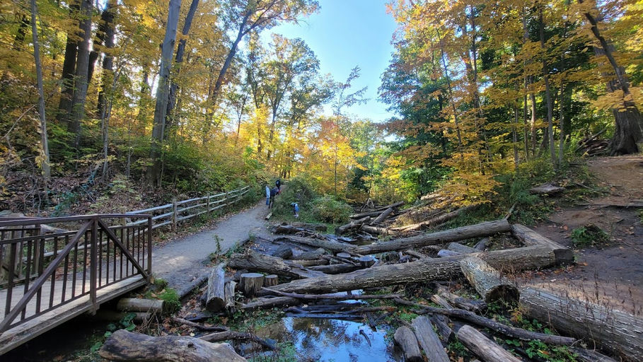 Park with tennis courts, a baseball diamond, a wading pool & a winter ice rink, plus a bandstand.
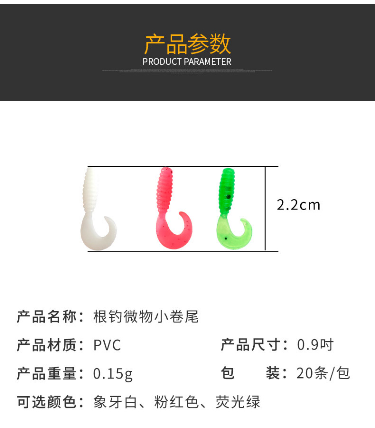 Dongding Microtail Worm 미니 초소형 루어 낚시 Pegasus Sunfish Green Slight Lure 소프트 미끼스토어 가기
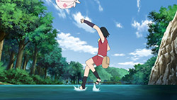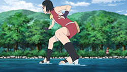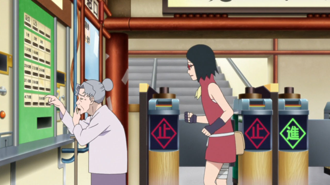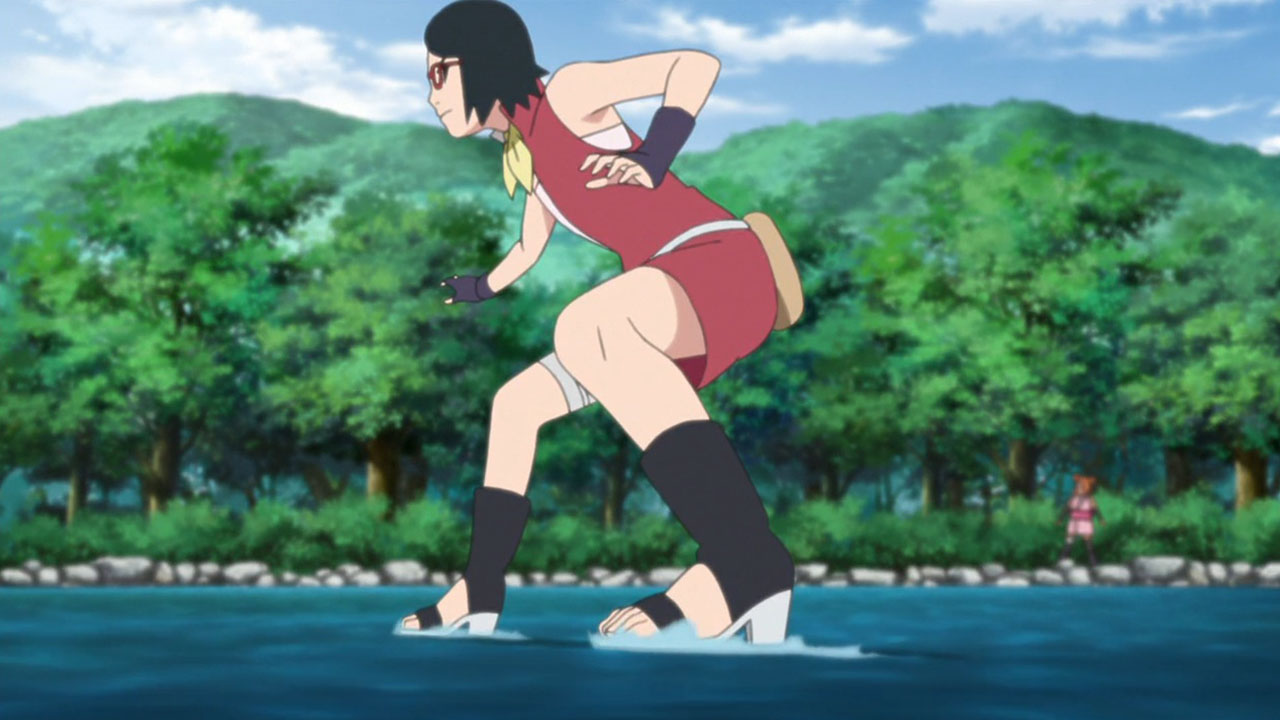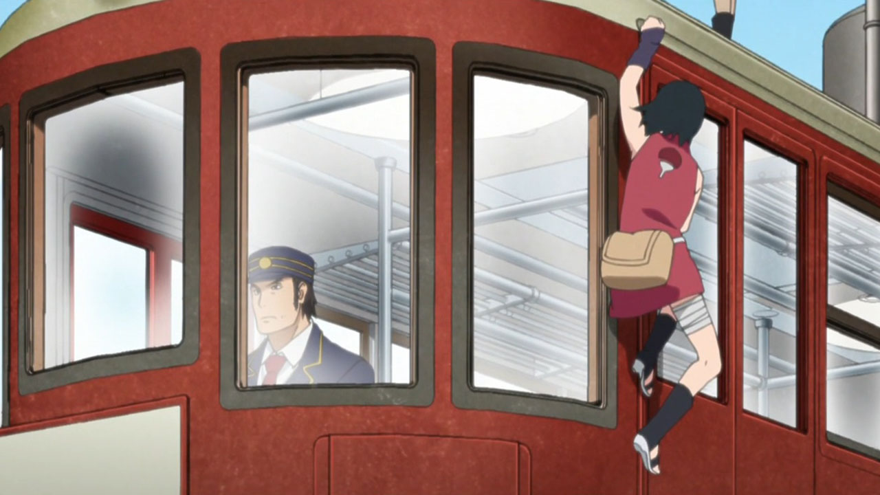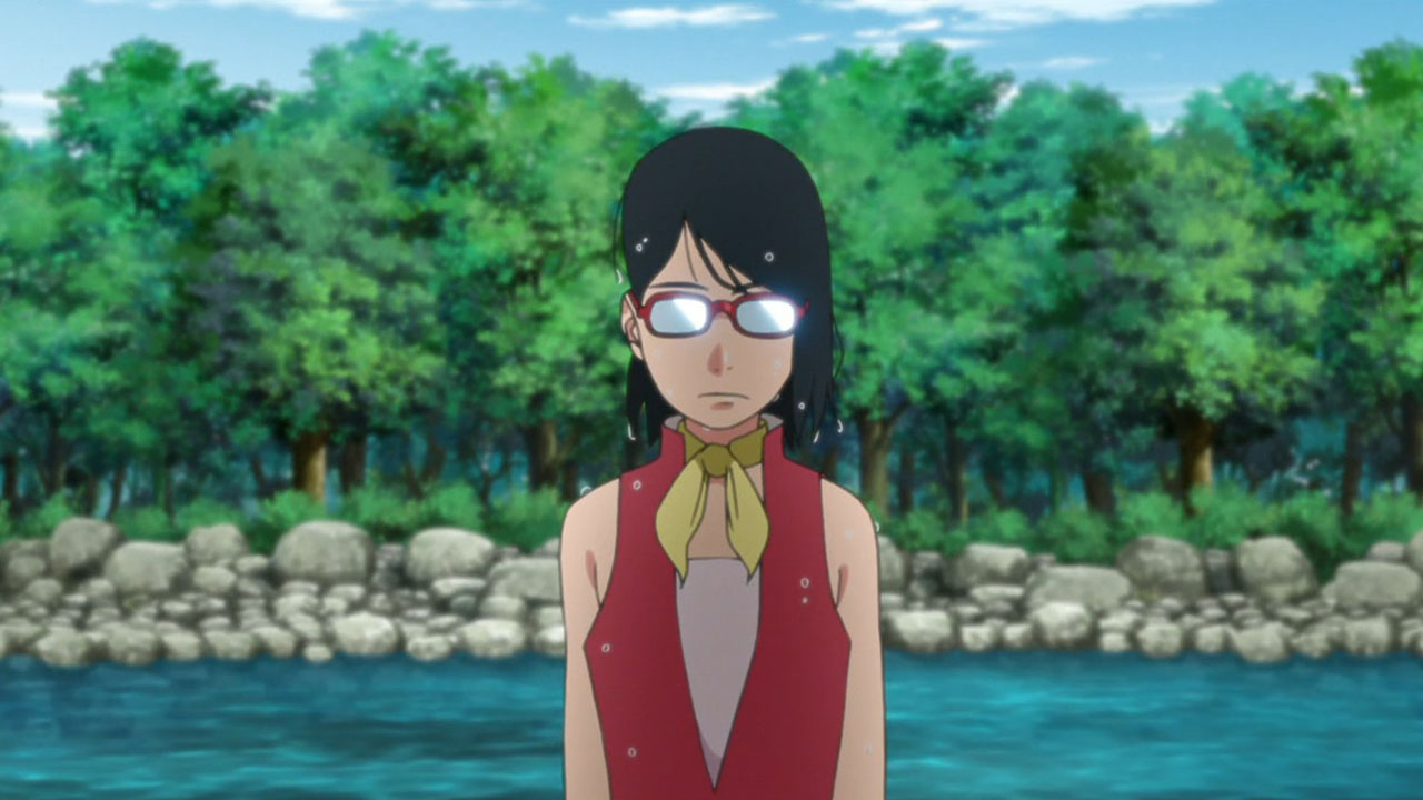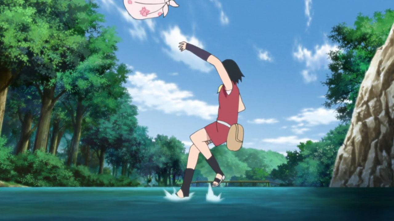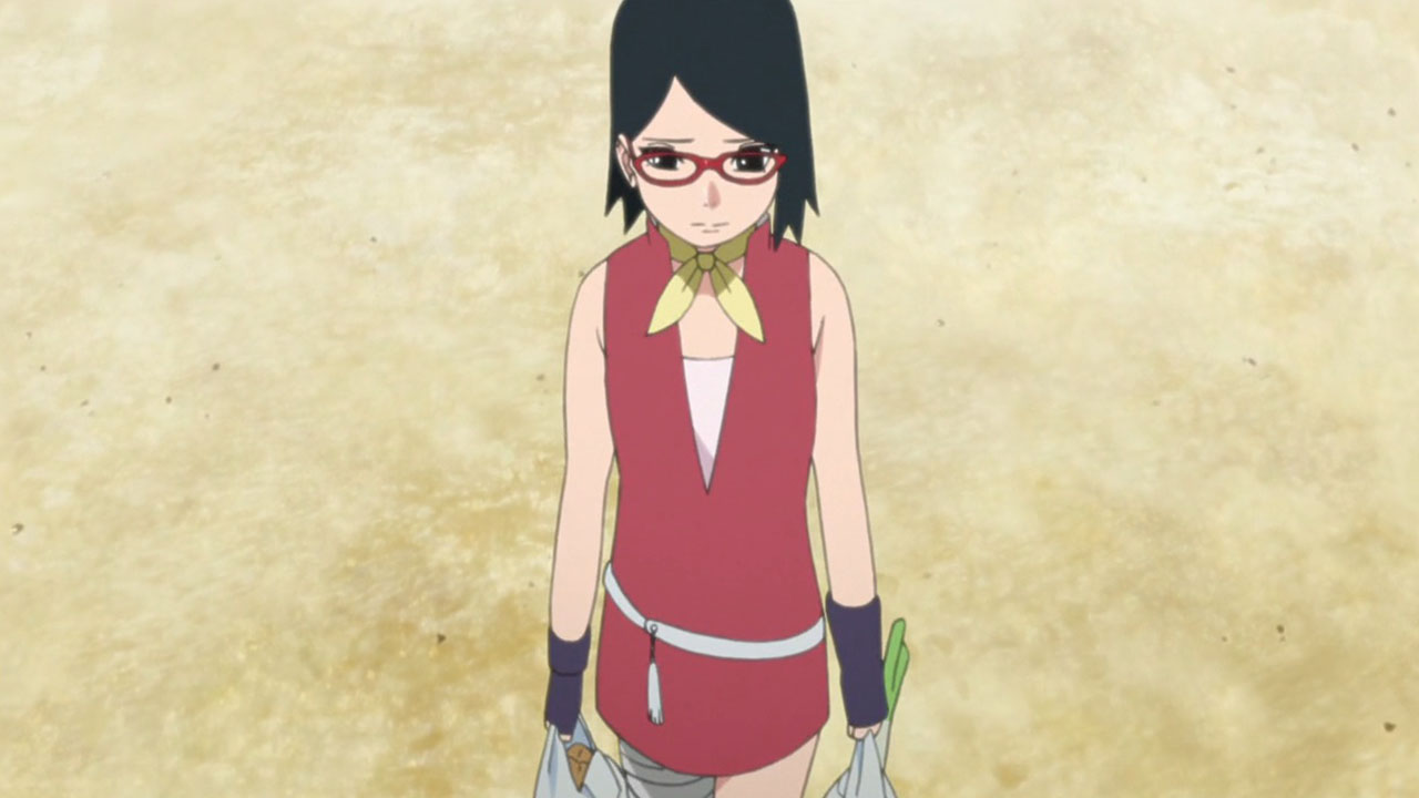 !! (Sarada, Hashiru!!)”Run, Sarada!”Sarada finally gets some focus for character development, receiving her own dedicated episode. Coming across as a mix of pre-Shippuden Sasuke and Sakura, she effortlessly combines properly prim with wannabe cool.Sarada’s Delivery Adventure!Promptly taking up her mothers request to deliver a fixed up soft toy, I couldnt help but notice she immediately agreed upon hearing that the teddy bear was a gift from the patients father. I feel this speaks of Sarada’s desire to be spoiled by her parents, in spite of her insistence that she needs no gifts. Nevertheless, she goes along with it, and what a troublesome ordeal it ended up being. Accidentally leaving the package on the train, helping out an old lady and barely missing out at the next station, almost getting caught riding on top of a train by Boruto & Co, nothing seemed to be going her way. Good thing ChoCho came to the rescue. Although she can sometimes come across as shallow and headstrong, she truly cares for her friends. Without any hesitation, she expends a truly rare snack item to obtain information that would help Sarada, as well as guiding her about the place with some handy street smarts. Ive actually come to really grow on her! Fortunately, they manage to save the teddy bear before it mistakenly ends up as a sacrifice for a waterfall ritual. Talk about a close shave! They probably would have used Boruto & Co as a substitute sacrifice instead.Concluding ThoughtsWe got an insight into the Uchiha household, where the father is largely absent and the mother busy with or taking a holiday from work. Yet Sarada stays strong, bearing the kind of burdens you wouldnt expect someone her age to carry. Doing all the chores including cooking dinners, shes the one who is like the adult, telling her mum not to worry. But something tells me this situation is untenable, with an inevitable breaking point down the line.This is just a taste of what were about to get with the Sarada Arc coming up soon. There isnt much to go into, since many things about Sarada will become fairly apparent when that airs. As for the next episode, I hope its more than just a visual upgrade of ‘The Day Naruto Became Hokage’, because that is exactly what it looks like we’re getting at the moment.Preview
○ ○ ○ ○
Aim of the exercise:
The answer should contain nothing but the lines from the top of the data above through the line containing "Dongding Microtail Worm", copied exactly, with no images.

Result for this exercise:
 Park with tennis courts, a baseball diamond, a wading pool & a winter ice rink, plus a bandstand.
 Dongding Microtail Worm 미니 초소형 루어 낚시 Pegasus Sunfish Green Slight Lure 소프트 미끼스토어 가기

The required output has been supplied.